Coll is the eleventh Hispanic-Latino student to receive an HZF Scholarship. The fund was created in 2016 by Hugo Balta, twice president of the NAHJ and owner/publisher of New Hampshire Latino News (NHLN), one of five independent news outlets overseen by the Latino News Network (LNN), as a way to help Hispanic-Latino students while honoring the legacy of his abuelita, Hortencia Zavala.

Since its inception, HZF has worked with NAHJ national and local professional chapters in identifying worthy candidates. “The NAHJ National Office is delighted to announce that former NAHJ UPRA Chapter President Kiara Coll will receive this year’s Hortencia Zavala Scholarship,” said David Peña, Jr., NAHJ Executive Director. “Kiara’s commitment to excellence and bold spirit are qualities we need in journalists who are ushering in the next era of public service journalism.”

Balta commented on the partnership with NAHJ, saying, “The NAHJ has a long and distinguished history of nurturing the future of journalism. HZF is grateful to continue to work with NAHJ in helping students like Kiara on their path of success.”

Last year, the Hortencia Zavala Foundation (HZF), a not-for-profit organization, expanded its support of young journalists to include a journalism camp.

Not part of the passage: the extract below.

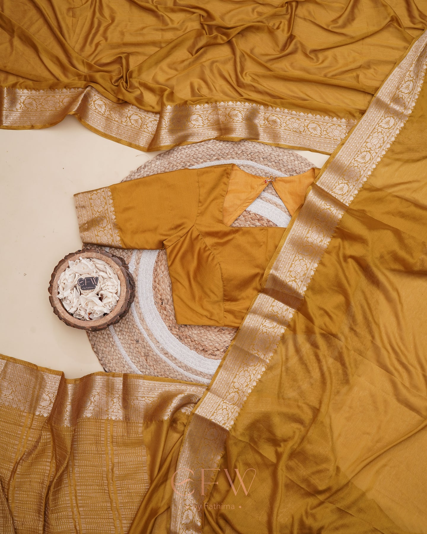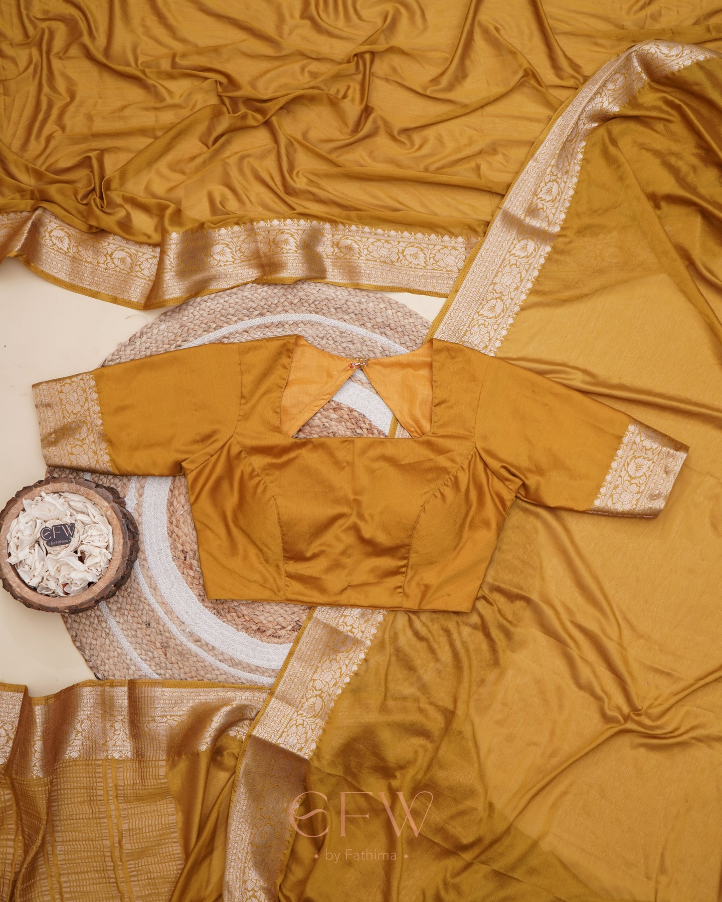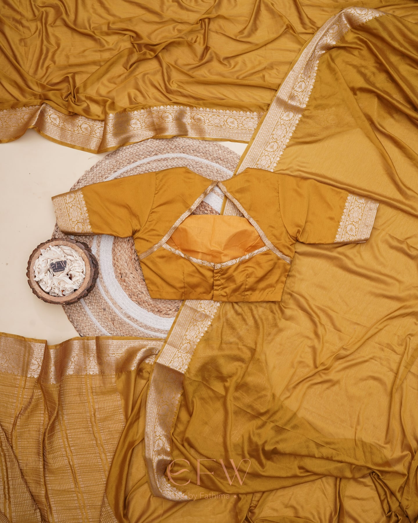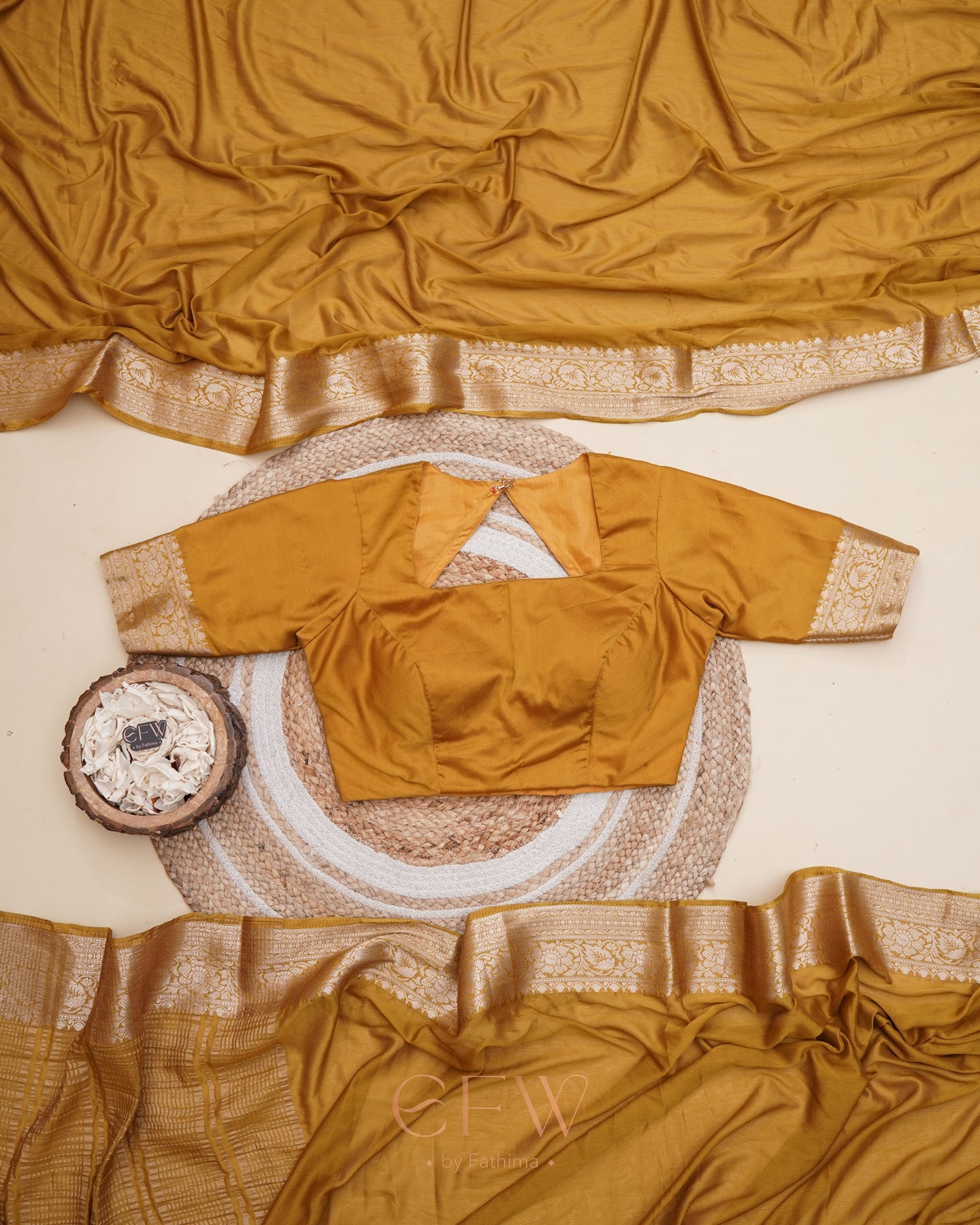 Warning: Prepare for endless stares and compliments in this dreamy brown saree! Soft chinon silk that feels like a whisper and drapes like a dream, complete with a gorgeous border and a Banarasi silk blouse for that extra touch of elegance.

Call For Applications: Journalism Camp 2

Covering race, ethnicity, and culture: a guideline for fair and accurate storytelling, led by Balta, is a free 12-week course designed to go beyond the inverted pyramid of basic news writing in examining the terminology, usage, and word choice of stories providing greater visibility and understanding of deep-rooted inequities in all aspects of society.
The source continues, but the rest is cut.